* What the task asks *
Please restate the records that follow exactly, skipping their images.

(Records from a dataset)
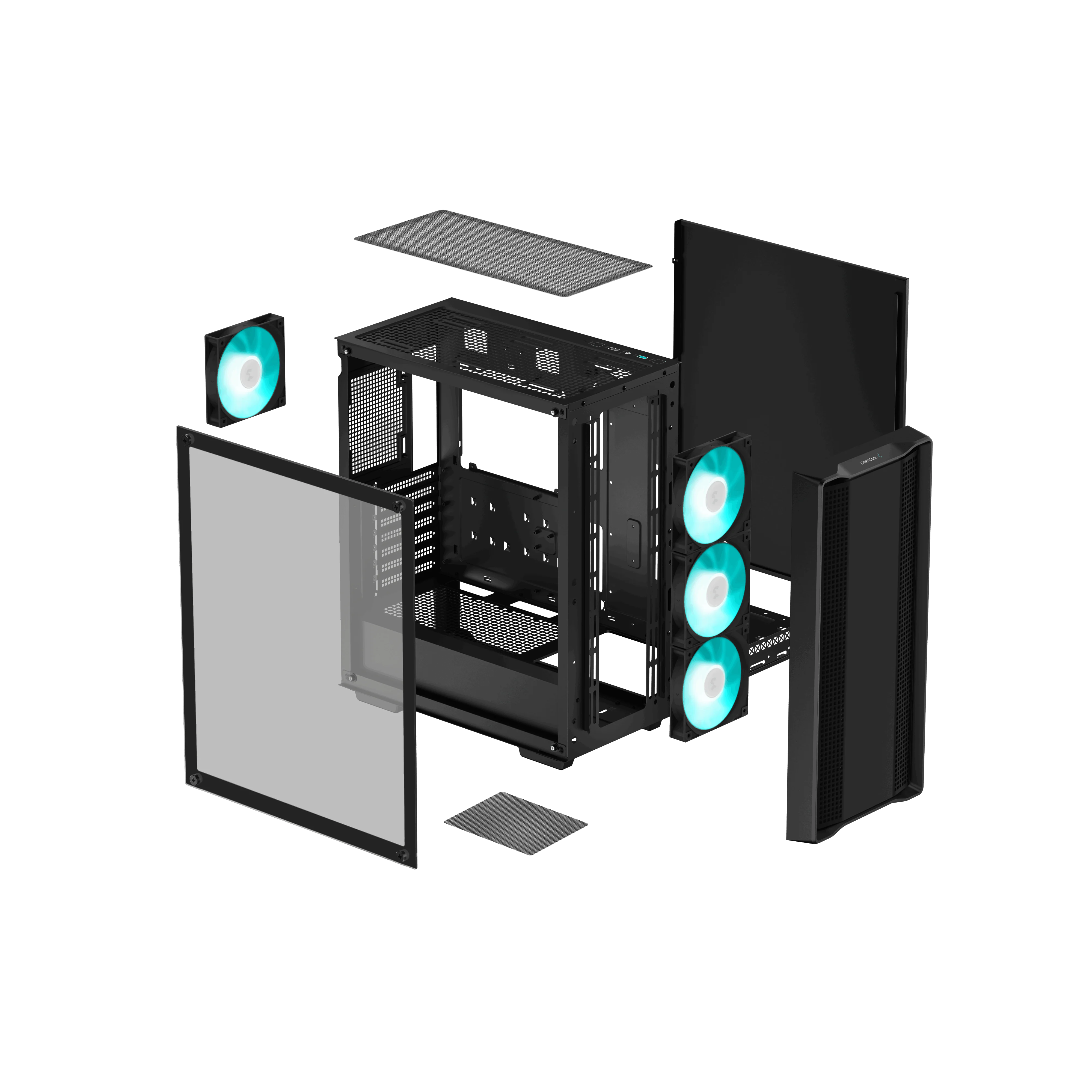 DeepCool CC560 V2 Mid-Tower ATX Case With 4 Pre-Installed LED Fans, Tempered Glass Side Panel, 360mm Radiator Support, PSU Shroud Fans, USB 3.0, Up to E-ATX Motherboards , 370mm GPUs, 165mm CPU Coolers, 170mm PSU | BLACK
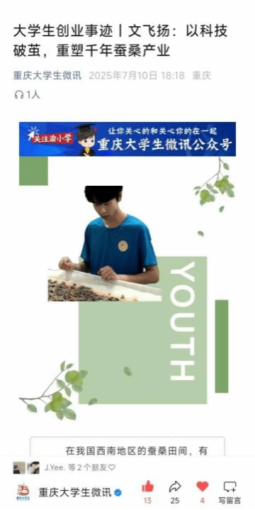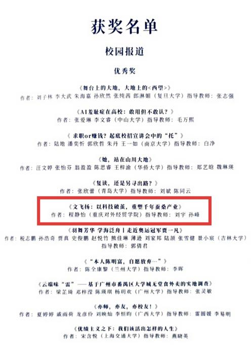 程静怡的作品以科技赋能千年蚕桑产业为切入点,通过深入的案例挖掘与生动的叙事表达,展现了创新创业者的实践精神,既契合新闻学专业 “四力” 培养要求,也体现我院学子关注产业发展的专业视野。在指导教师刘宇、孙峰的悉心指导下,该作品历经多轮严格评审,最终在激烈竞争中成功突围。
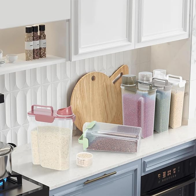 - MULTI-PUrRPOSE STORAGE: Our pet food container is suitable for storing dog food、cat food、bird seed、fish food、rice、 dry food、cereals、oats、flour and other large and small grains, as well as washing powder used at home. It is also a good choice.
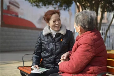 马静与社区居民交谈,了解群众需求,倾听群众心声。 受访者供图
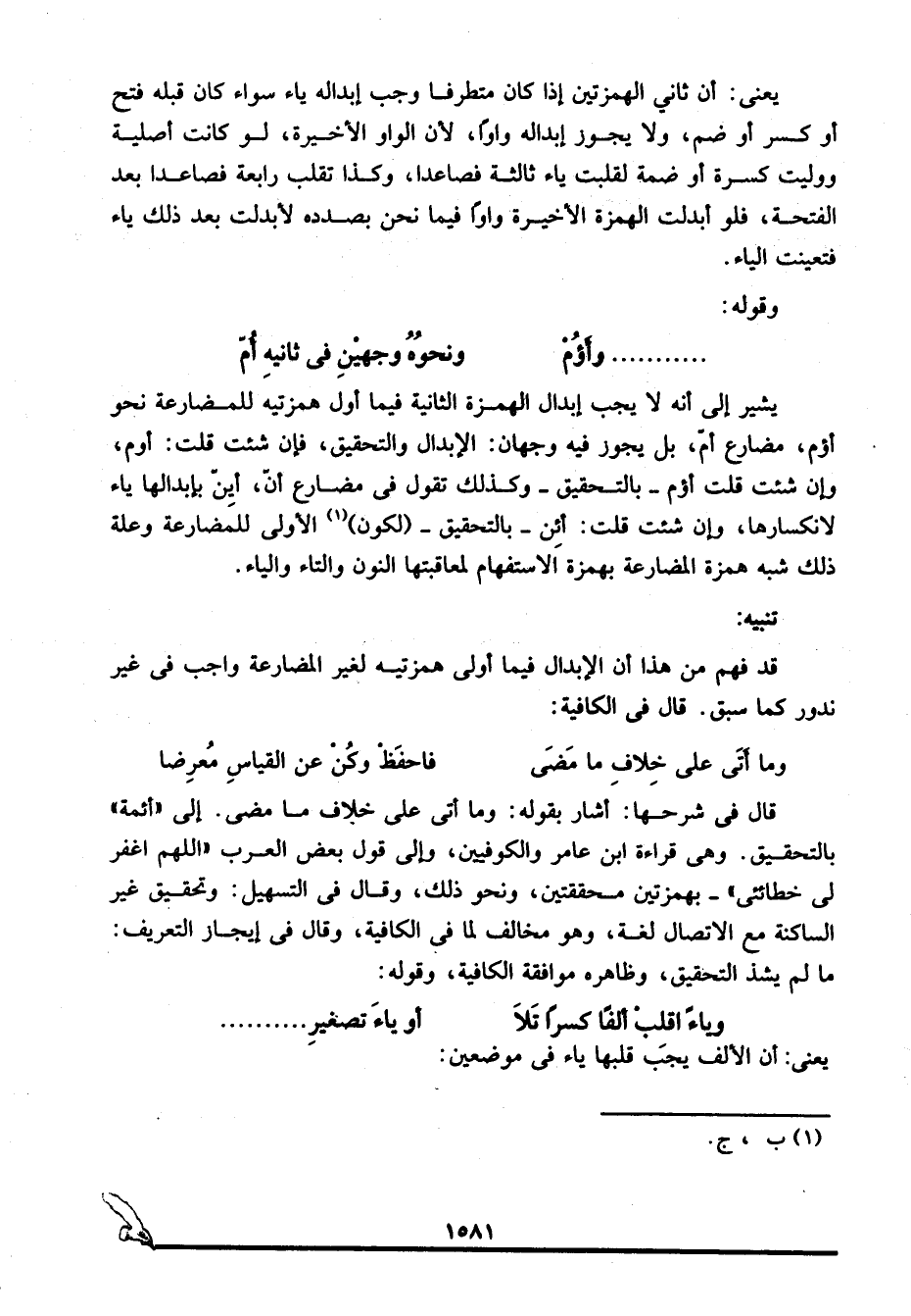 يشير إلى أنه لا يجب إبدال الهمزة الثانية فيما أول همزتيه للمضارعة نحو أؤم، مضارع أم، بل يجوز فيه وجهان: الإبدال والتحقيق، فإن شئت قلت: أوم، وإن شئت قلت أؤم -بالتحقيق- وكذلك تقول في مضارع أنّ: أيِنّ بإبدالها ياء لانكسارها، وإن شئت قلت: أئِن -بالتحقيق- "لكون"1 الأولى للمضارعة وعلة ذلك شبه همزة المضارعة بهمزة الاستفهام لمعاقبتها النون والتاء والياء.
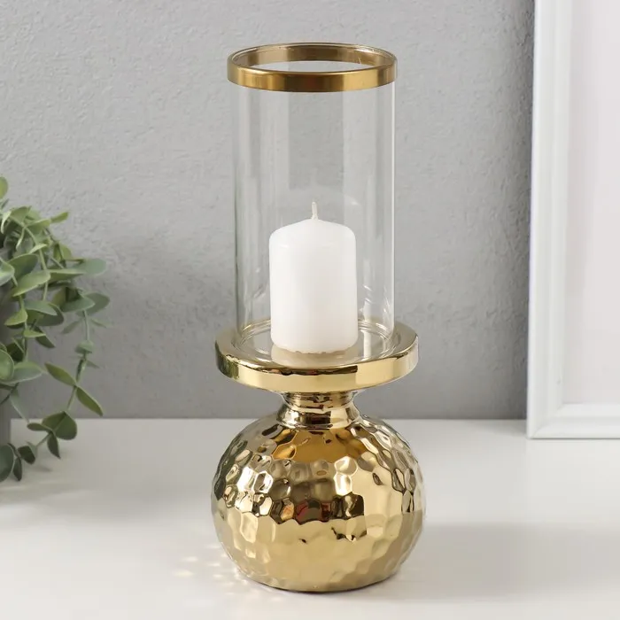 Подсвечник на 1 свечу «Лоджуар», керамика, стекло, d=8 см, золото, 10.5×10.5×26 см — Характеристики
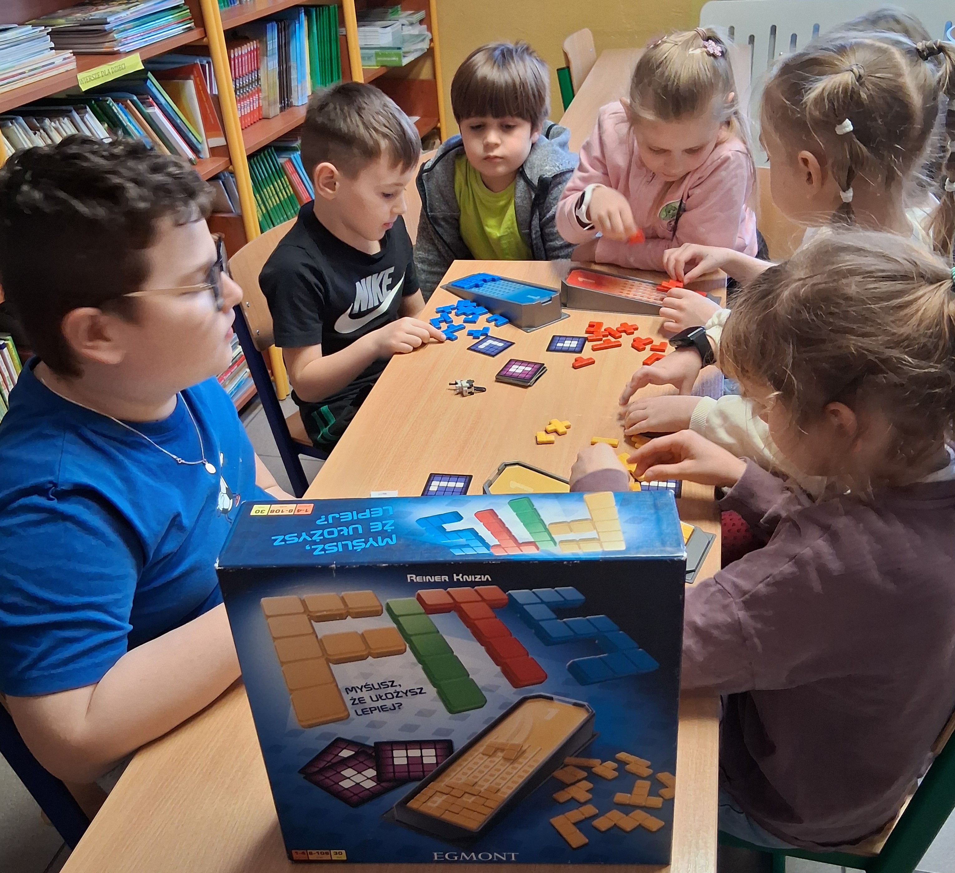 Na przełomie lutego i marca podczas bibliotecznej godziny z planszówką świetnie bawiliśmy się przy grze FITS – była to prawdziwa gratka dla fanów logicznego myślenia!
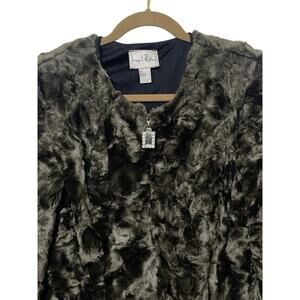 Joseph Ribkoff Faux Fur Teddy Swirl Full Zip Jacket with Rhinestone zipper sz 8
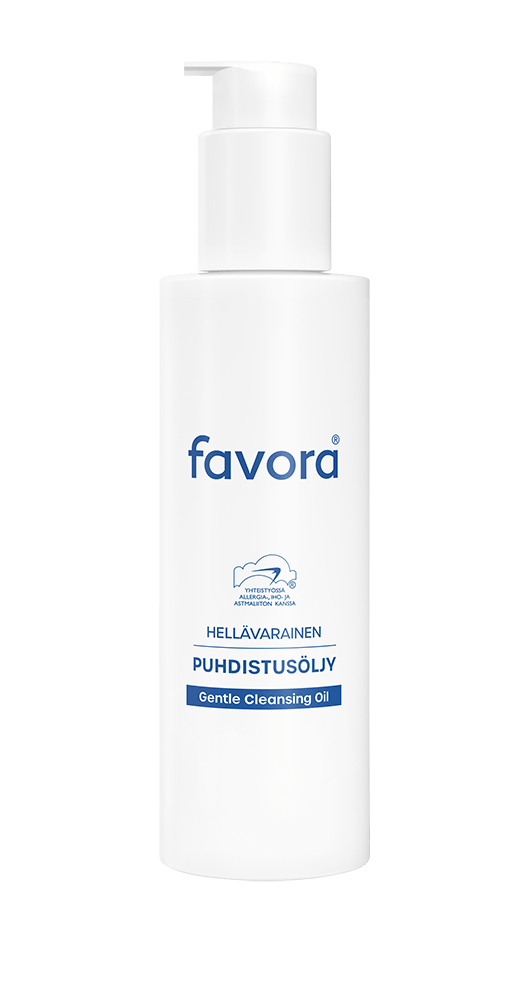 Hellävarainen puhdistusöljy – Tehokas ja kosteuttava Favora Hellävarainen Puhdistusöljy puhdistaa ihon ja poistaa meikin tehokkaasti ihoa kuivattamatta. Kauraöljyä sisältävä koostumus jättää ihon pehmeäksi ja kosteutetuksi. Sopii herkälle iholle ja on kehitetty yhteistyössä Allergia-, iho- ja astmaliiton kanssa. Tehokas ja hellävarainen puhdistus Kauraöljy hoitaa ja kosteuttaa Hajusteeton ja väriaineeton Vegaaninen ja eläinkokeeton Valmistettu Suomessa – Avainlippu-tuote Käyttöohje: Hiero kuivalle iholle pyörivin liikkein. Huuhtele vedellä tai poista kostealla puhdistussienellä tai -liinalla. Viimeistele miselli- tai kasvovedellä. Tilaa nyt ja koe kosteuttava puhdistuselämys!
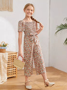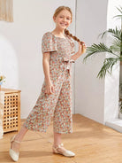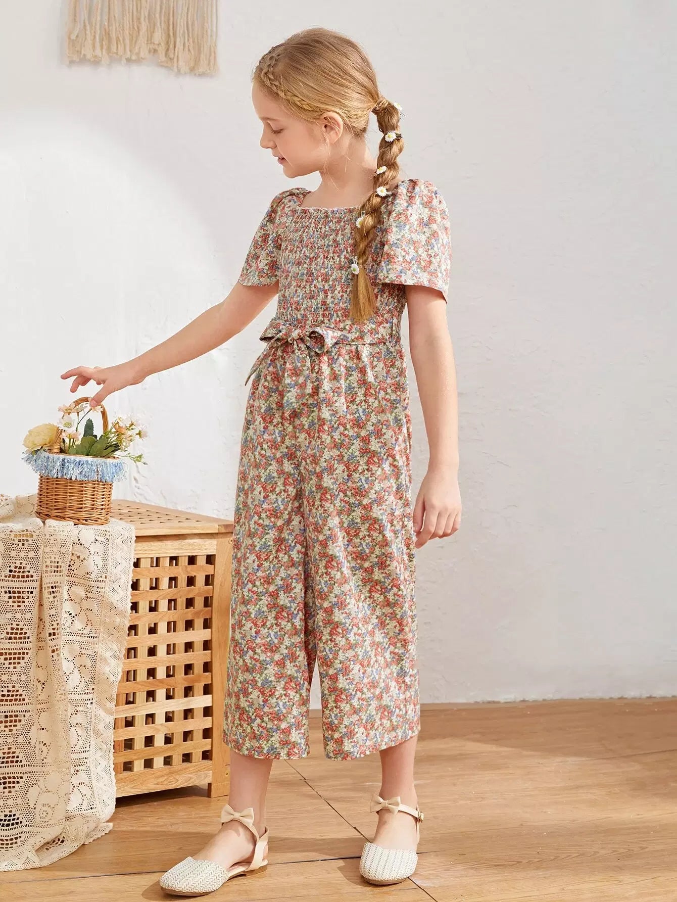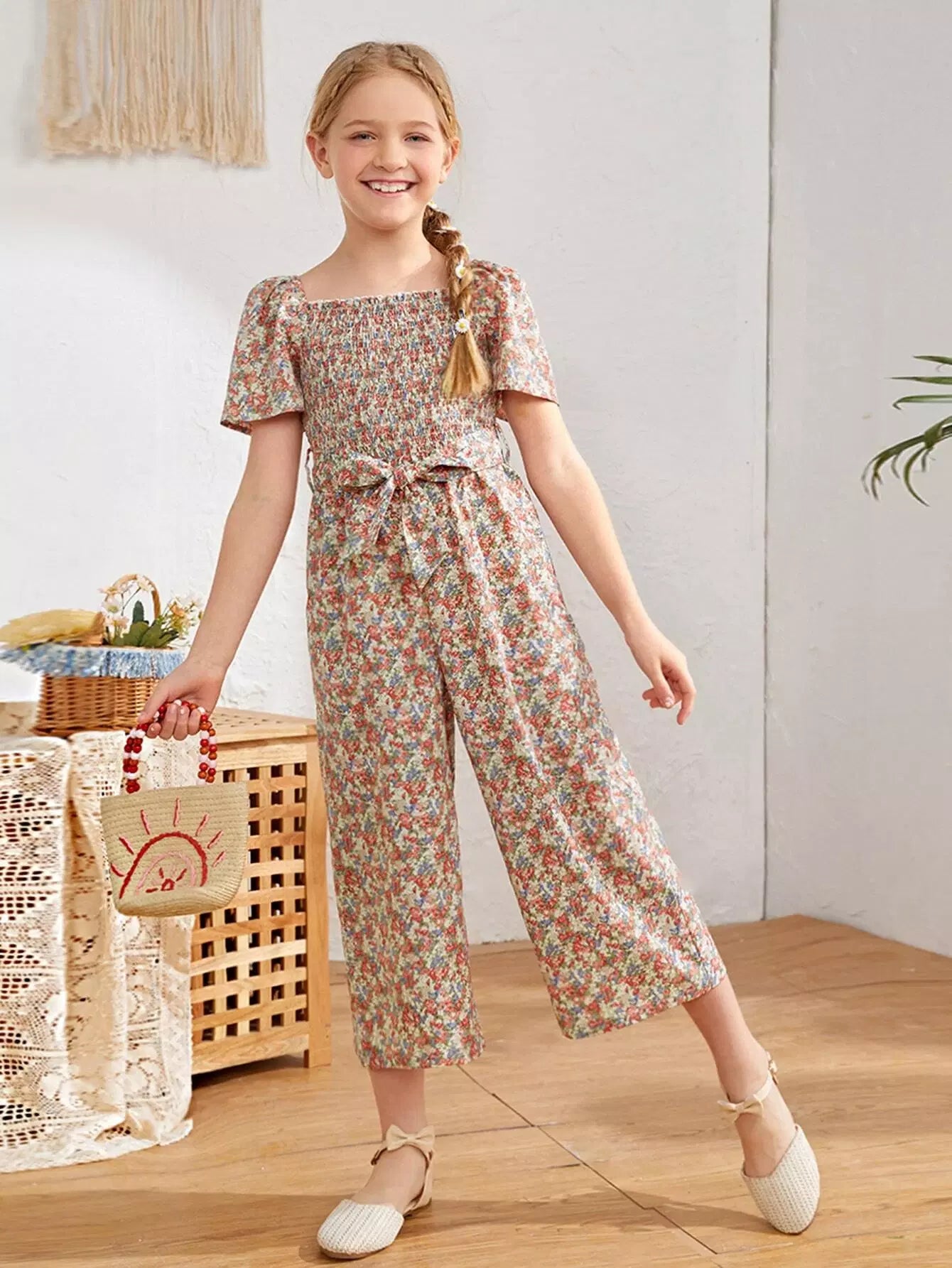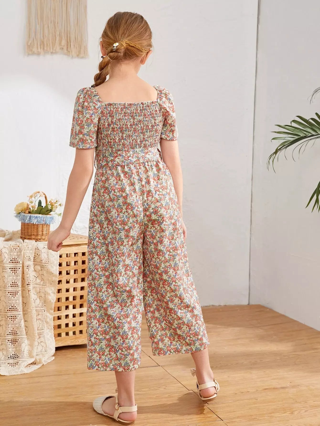 Girls Floral Shirred Detail Jumpsuit Without Belt

* Answer below *
 DeepCool CC560 V2 Mid-Tower ATX Case With 4 Pre-Installed LED Fans, Tempered Glass Side Panel, 360mm Radiator Support, PSU Shroud Fans, USB 3.0, Up to E-ATX Motherboards , 370mm GPUs, 165mm CPU Coolers, 170mm PSU | BLACK
 程静怡的作品以科技赋能千年蚕桑产业为切入点,通过深入的案例挖掘与生动的叙事表达,展现了创新创业者的实践精神,既契合新闻学专业 “四力” 培养要求,也体现我院学子关注产业发展的专业视野。在指导教师刘宇、孙峰的悉心指导下,该作品历经多轮严格评审,最终在激烈竞争中成功突围。
 - MULTI-PUrRPOSE STORAGE: Our pet food container is suitable for storing dog food、cat food、bird seed、fish food、rice、 dry food、cereals、oats、flour and other large and small grains, as well as washing powder used at home. It is also a good choice.
 马静与社区居民交谈,了解群众需求,倾听群众心声。 受访者供图
 يشير إلى أنه لا يجب إبدال الهمزة الثانية فيما أول همزتيه للمضارعة نحو أؤم، مضارع أم، بل يجوز فيه وجهان: الإبدال والتحقيق، فإن شئت قلت: أوم، وإن شئت قلت أؤم -بالتحقيق- وكذلك تقول في مضارع أنّ: أيِنّ بإبدالها ياء لانكسارها، وإن شئت قلت: أئِن -بالتحقيق- "لكون"1 الأولى للمضارعة وعلة ذلك شبه همزة المضارعة بهمزة الاستفهام لمعاقبتها النون والتاء والياء.
 Подсвечник на 1 свечу «Лоджуар», керамика, стекло, d=8 см, золото, 10.5×10.5×26 см — Характеристики
 Na przełomie lutego i marca podczas bibliotecznej godziny z planszówką świetnie bawiliśmy się przy grze FITS – była to prawdziwa gratka dla fanów logicznego myślenia!
 Joseph Ribkoff Faux Fur Teddy Swirl Full Zip Jacket with Rhinestone zipper sz 8
 Hellävarainen puhdistusöljy – Tehokas ja kosteuttava Favora Hellävarainen Puhdistusöljy puhdistaa ihon ja poistaa meikin tehokkaasti ihoa kuivattamatta. Kauraöljyä sisältävä koostumus jättää ihon pehmeäksi ja kosteutetuksi. Sopii herkälle iholle ja on kehitetty yhteistyössä Allergia-, iho- ja astmaliiton kanssa. Tehokas ja hellävarainen puhdistus Kauraöljy hoitaa ja kosteuttaa Hajusteeton ja väriaineeton Vegaaninen ja eläinkokeeton Valmistettu Suomessa – Avainlippu-tuote Käyttöohje: Hiero kuivalle iholle pyörivin liikkein. Huuhtele vedellä tai poista kostealla puhdistussienellä tai -liinalla. Viimeistele miselli- tai kasvovedellä. Tilaa nyt ja koe kosteuttava puhdistuselämys!
 Girls Floral Shirred Detail Jumpsuit Without Belt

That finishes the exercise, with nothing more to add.